The function of biomolecules, cellular components and the interaction of living cells
with their environment can now be explored in detail with the help of quantum
mechanics. Today, with the help of modern technology, we are in a position to
measure ―quantum‖ systems in a controlled way and hence quantum effects can
provide huge improvements over existing technologies. New types of quantum
biosensors to understand and manipulate enzymes and other biomolecules are
emerging and therefore new research approaches to biological systems are becoming
possible. This can bring a new revolution the field of energy, medicine and healthcare
etc.
For example, as the light energy is low-cost and essentially inexhaustible; further
development of technologies that make use of solar energy is inevitable. Current
silicon-based technologies for the harvesting of solar energy require a very energy-
intensive production process and even though they have improved significantly over
the years in their efficiency, further development of photosynthesis-based
technologies for energy collection is certainly warranted. Thus, the applications and
potentials shown by light mediated processes compel us to synergise an academic
program, where fundamental concepts will be addressed. Through research,
mimicking photosynthesis to harness solar light energy throughout the solar spectrum
will be attempted by our researchers.
Hence, an institute which integrates holistic development with a global outlook, IIT
Jodhpur showcases a distinctive culture of nurturing young minds with a unique
growing and learning experience.

9. Long terms goals
The long term objective of this program would be to combine and apply advanced
technologies to provide a detailed understanding of the biological processes using
quantum mechanical phenomena. IIT Rajasthan would like to achieve following
milestones through an academic and research program in quantum biology:
 to establish national and international collaborations.

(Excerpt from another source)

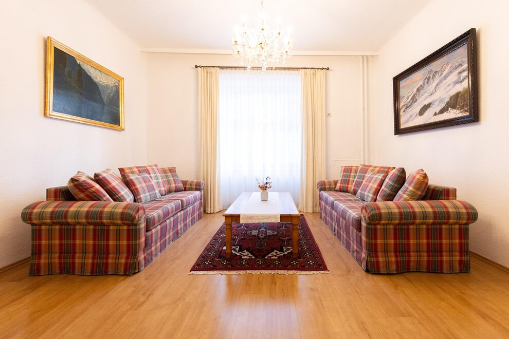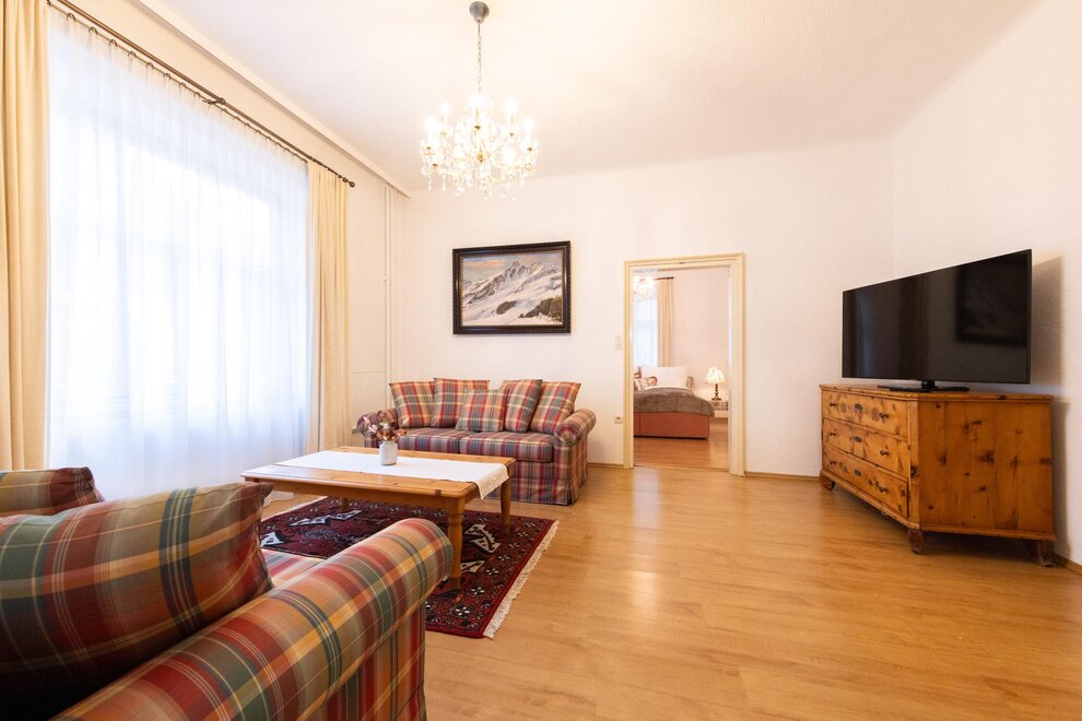Světlem prozářený apartmán v přízemí nabízí na 95 m² prostor pro až 4 osoby. Dva ložnice, koupelna s vanou, sprchou a WC, samostatné WC, plně vybavená kuchyň s troubou, elektrickým sporákem, myčkou na nádobí, lednicí s malým mrazákem, mikrovlnnou troubou, topinkovačem a Nespresso kávovarem, útulný obývací pokoj a vlastní přístup přes verandu vytvářejí stylový domov s výjimečným kouzlem historické vily Stephanie.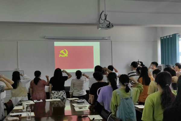 会上,还开展了毕业生党员廉洁入职教育,邓艳萍领学了《中国共产党廉洁自律准则》,与会人员集中观看中共中央纪律检查委员会官网《警钟》警示教育视频。会议最后,全体参会党员重温入党誓词。(特约通讯员:王传林 摄影:朱道广 审核:詹学文)

 to establish well equipped quantum biology and quantum information
laboratory.
 postulate theoretical models to explain various biological phenomena.
 to understand quantum mechanical applications in characterizing diseased
information pattern and in healing information patterns.
 to achieve optimal energy transport for potential applications in the
development of better performing solar cells or photosensors.
Placement
 Scholars with such an academic background as discussed in the educational
plan would be in demand for various research and development organizations
in the public and private sectors.
 Quantum Information and Quantum Biology Groups world wide for research
opportunities would provide our scholars ample opportunities to excel in
academics and research.
What we want to achieve through the workshop
This workshop on Quantum Biology will be an attempt to understand the basic
aspects of an existing relation between biological processes and quantum mechanics.
The workshop intends to cover a gamut of themes ranging from artificial photo
systems for achieving optimal energy transport to potential applications for the
development of better performing solar cells or photosensors. At IIT Rajasthan, we
believe that this workshop will not only provide exciting insights in these new areas
of research, but will also provide a platform to initiate this interdisciplinary research
both at the national and international levels. In this juncture, we also urge the invitees
and expertises to share their views in designing a course curriculum with possible
academic and research programs that suits our vision.